Simulate the Dataset

python

import pandas as pd
import numpy as np

np.random.seed(42)
n = 3000

# GadaaLabs e-commerce orders
orders = pd.DataFrame({
    "order_id": range(1, n + 1),
    "customer_id": np.random.randint(1, 501, n),
    "product_id": np.random.choice(["SKU-001", "SKU-002", "SKU-003", "SKU-004", "SKU-005"], n),
    "category": np.random.choice(["Electronics", "Clothing", "Books", "Home", "Sports"],
                                  p=[0.30, 0.25, 0.20, 0.15, 0.10], size=n),
    "order_date": pd.date_range("2023-01-01", periods=n, freq="2h"),
    "revenue": np.concatenate([
        np.random.exponential(scale=75, size=n - 50),
        np.random.exponential(scale=800, size=50),   # A few large orders
    ]),
    "quantity": np.random.randint(1, 8, n),
    "status": np.random.choice(["completed", "cancelled", "refunded"],
                                p=[0.75, 0.15, 0.10], size=n),
    "segment": np.random.choice(["SMB", "Enterprise", "Consumer"],
                                 p=[0.30, 0.20, 0.50], size=n),
    "channel": np.random.choice(["organic", "paid", "email", "direct"],
                                 p=[0.35, 0.30, 0.20, 0.15], size=n),
    "customer_age": np.random.randint(18, 72, n),
    "days_since_signup": np.random.exponential(scale=180, size=n).astype(int).clip(0, 1800),
})

# Revenue is right-skewed (realistic for e-commerce)
orders["revenue"] = orders["revenue"].round(2)
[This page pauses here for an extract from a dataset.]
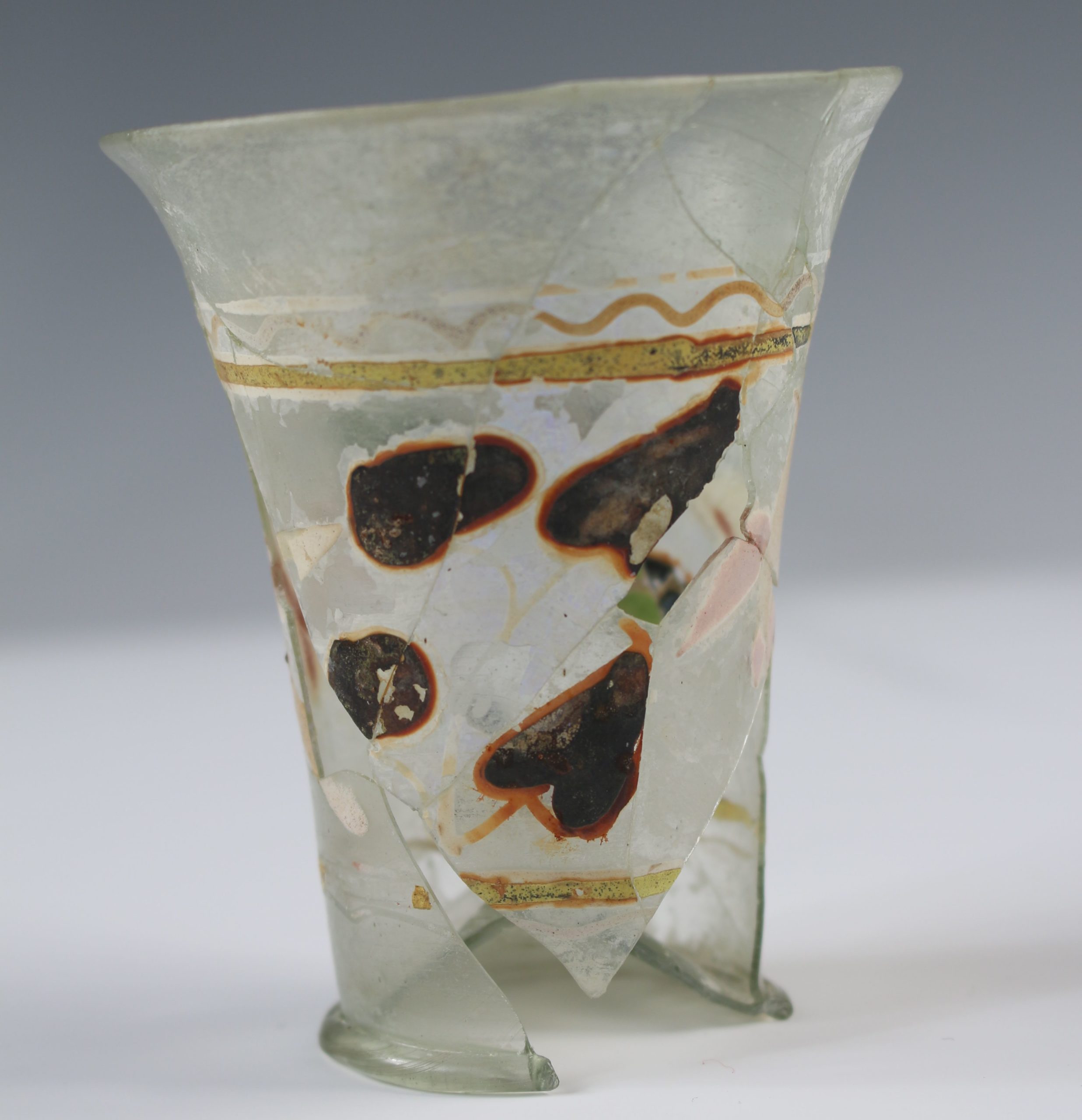 Verre trouvé en contexte de fouille sur le site de Sarrebourg, rue de la Paix en 2004. De forme tronconique, soufflé et émaillé, il provient d’une verrerie vénitienne avec des techniques d’émaillage apportées probablement par des verriers d’origine syrienne. Le verre est incolore et d’excellente qualité. Le fond refoulé est souligné par un filet lisse rapporté. Les parois sont fines et la lèvre est ronde. Le motif décoratif, répété deux fois, est composé d’un oiseau et de quatre feuilles cordiformes. Extérieurement, la couleur des émaux a changé sous l’action corrosive du milieu, mais, intérieurement, il est encore possible de voir, par transparence, la couleur initiale des émaux protégés par le verre. Les feuilles sont alors vertes (marron-brun à l’extérieur) et les ailes des oiseaux sont rouges (devenues roses). Les motifs feuilles ou oiseau sont dessinés d’un trait blanc. Le milieu de la surface obtenue est ensuite rempli d’émail de la couleur voulue. Les détails comme les yeux sont repris en traits bruns sur la surface peinte. Le motif décoratif est encadré, en haut et en bas par deux bandes jaunes bordées de blanc puis par une ligne en zigzag blanche ou grise. Ces verres émaillés sont rares en France. Les seules comparaisons proviennent de Strasbourg. Le fond ancien du musée de Metz en conserve un fragment. Des exemples bien plus nombreux sont connus en Allemagne et aux Pays-Bas ou en Angleterre.
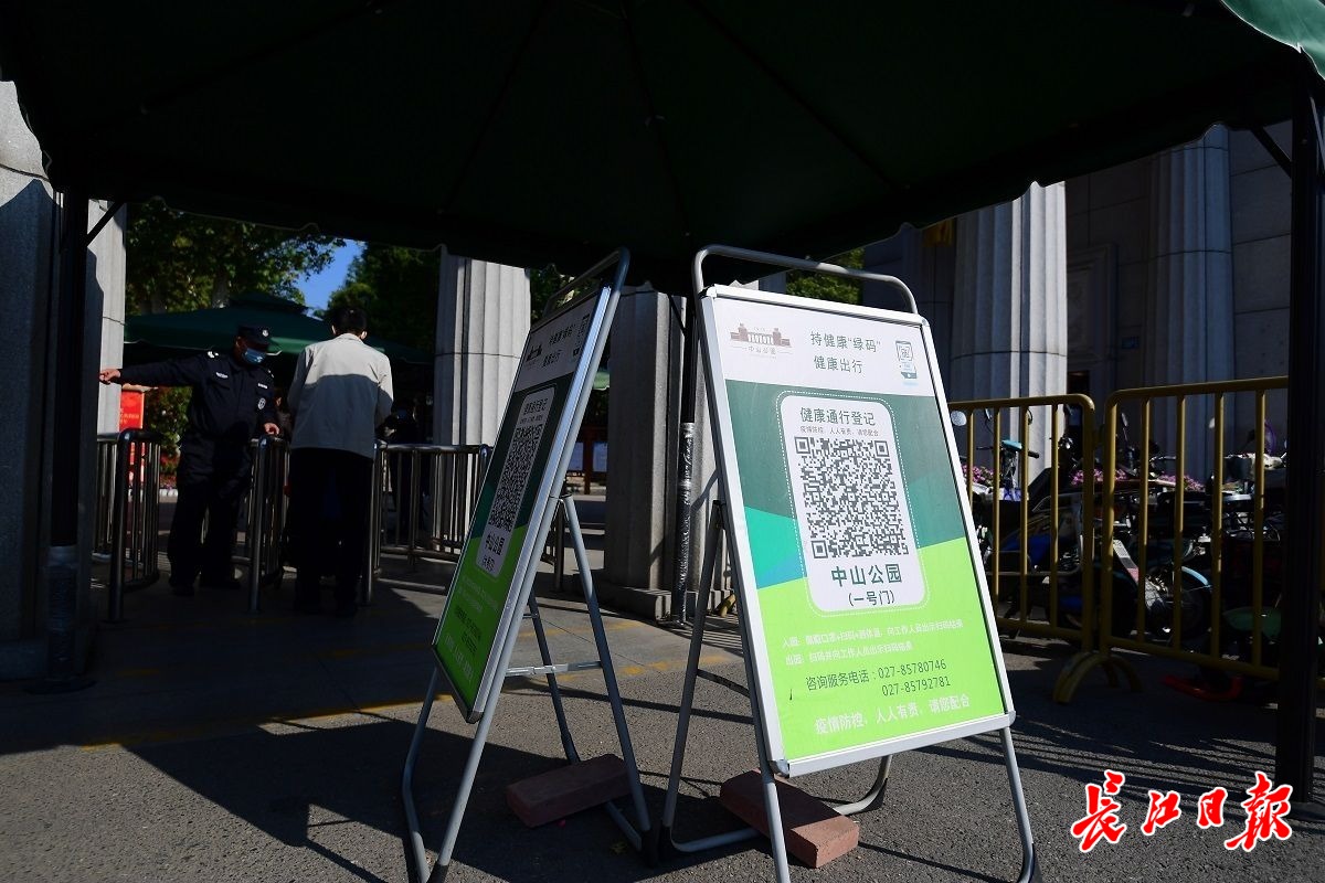 随后,记者又来到江夏区谭鑫培公园,从公园东门进入游乐区时,要先出示“双码”。入口两侧均悬挂着“入园须知”,还有喇叭提醒市民“戴好口罩,扫码入园”。入园后,还要通过全自动红外热成像测温告警系统,屏幕上不仅有全园监控,还能实时显示通过者的体温。

print("Dataset shape:", orders.shape)
print(orders.dtypes)

Univariate Analysis: Numeric Columns

The Complete Numeric Summary

python

def numeric_eda(series: pd.Series, title: str = None) -> dict:
    """
    Full univariate analysis for a numeric column.
    Returns stats dict and shows a 4-panel chart.
    """
    title = title or series.name
    clean = series.dropna()
    n = len(clean)

    # Compute stats
    stats_dict = {
        "n": n,
        "n_null": series.isnull().sum(),
        "mean": clean.mean(),
        "median": clean.median(),
        "std": clean.std(),
        "cv": clean.std() / clean.mean() if clean.mean() != 0 else None,  # Coefficient of variation
        "skewness": clean.skew(),
        "kurtosis": clean.kurt(),
        "p1": clean.quantile(0.01),
        "p5": clean.quantile(0.05),
        "p25": clean.quantile(0.25),
        "p75": clean.quantile(0.75),
        "p95": clean.quantile(0.95),
        "p99": clean.quantile(0.99),
        "iqr": clean.quantile(0.75) - clean.quantile(0.25),
        "n_zeros": int((clean == 0).sum()),
        "n_negative": int((clean < 0).sum()),
    }

    # Shapiro-Wilk normality test (on sample — computationally limited to ~5000 obs)
    sample = clean.sample(min(4999, n), random_state=42)
    _, p_normal = stats.shapiro(sample)
    stats_dict["shapiro_p"] = p_normal
    stats_dict["is_normal_95"] = p_normal > 0.05

    # 4-panel chart
    fig, axes = plt.subplots(2, 2, figsize=(12, 8))
    fig.suptitle(f"Univariate Analysis: {title}", fontsize=14, fontweight="bold")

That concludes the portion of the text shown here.